• Instructions to follow: In your copy, leave out the pictures and output only the lines from the one holding "(Kuvausaika 1-2h, 30-60 valmista kuvaa)" through the end of the data below, exactly.

• Raw data:
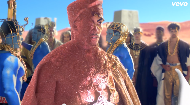 A petition is now circulating, asking for the video to be removed from YouTube. The reason? A scene in which a man wearing a pendant including the word “Allah” is burned and turned into a pile of sand by Perry, who is dressed as... Cleopatra? Maybe? The petition explains:
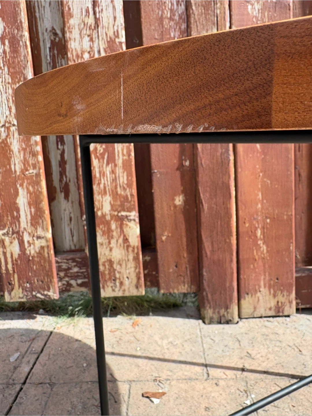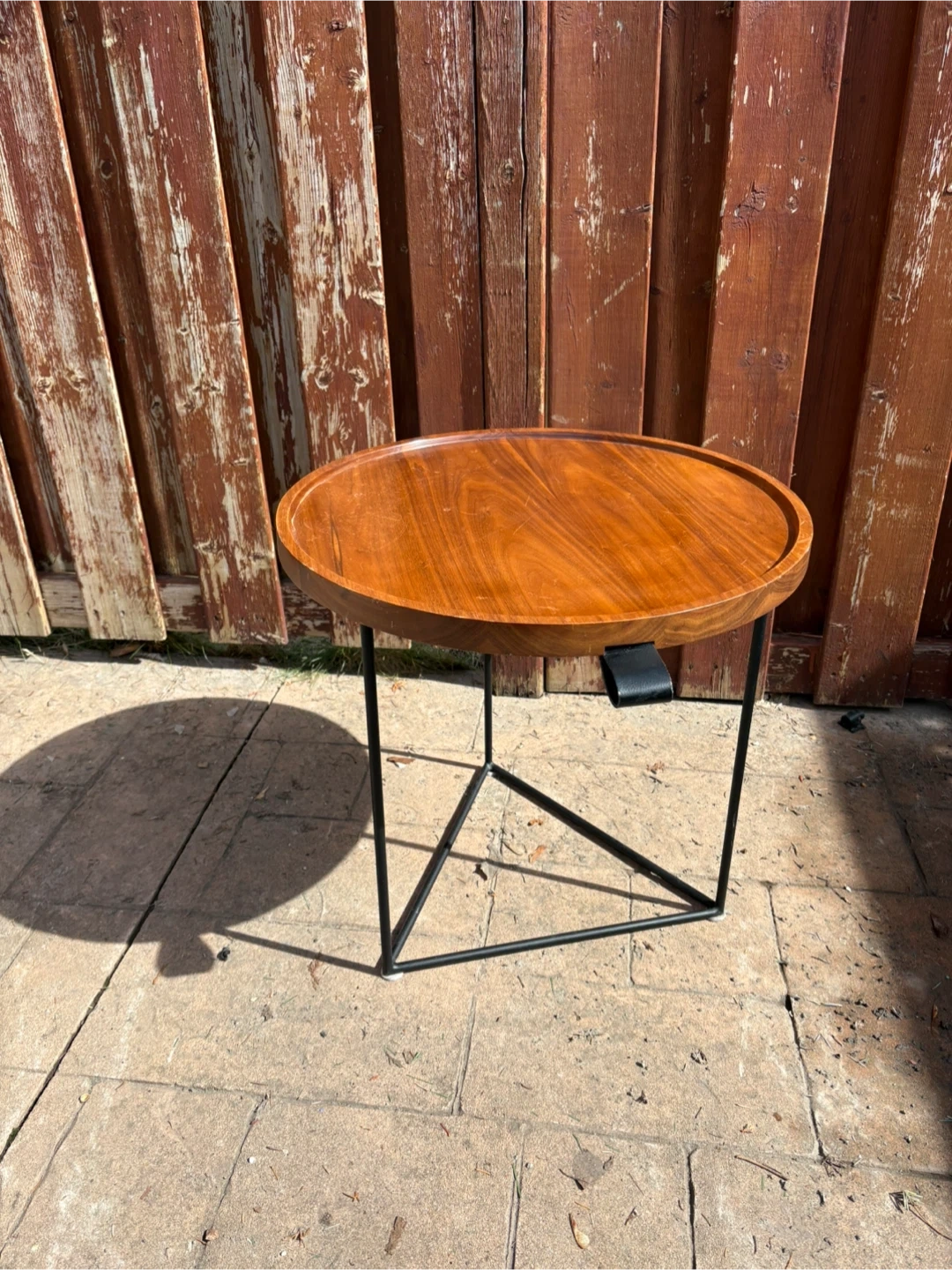 Round wooden side table with a dark metal triangular frame. This table has a warm wood finish and a raised edge. It's a sturdy accent piece for any room. Very minor wear. See pics. 21”W x 19.5”H
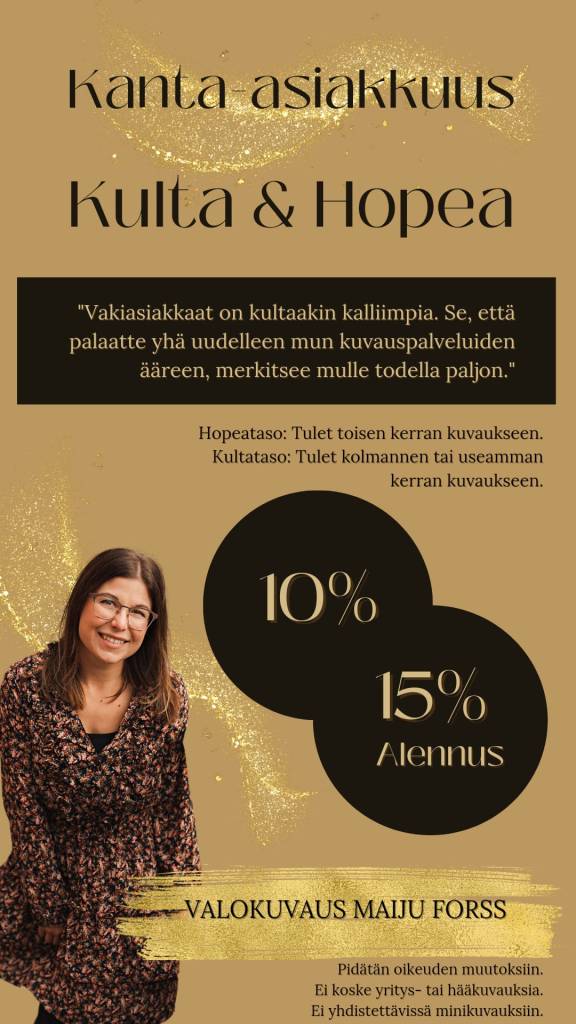 (Kuvausaika 1-2h, 30-60 valmista kuvaa)
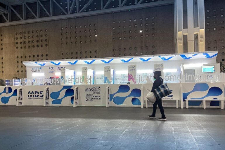 De los ocho módulos para la toma de prueba COVID-19 en el Aeropuerto Internacional de la Ciudad de México (AICM), cuatro subcontratan a laboratorios autorizados por el InDRE para procesar las muestras, mientras que uno más las analiza por sí mismo sin tener esa autorización sanitaria.

• Reply to the exercise:
 (Kuvausaika 1-2h, 30-60 valmista kuvaa)
 De los ocho módulos para la toma de prueba COVID-19 en el Aeropuerto Internacional de la Ciudad de México (AICM), cuatro subcontratan a laboratorios autorizados por el InDRE para procesar las muestras, mientras que uno más las analiza por sí mismo sin tener esa autorización sanitaria.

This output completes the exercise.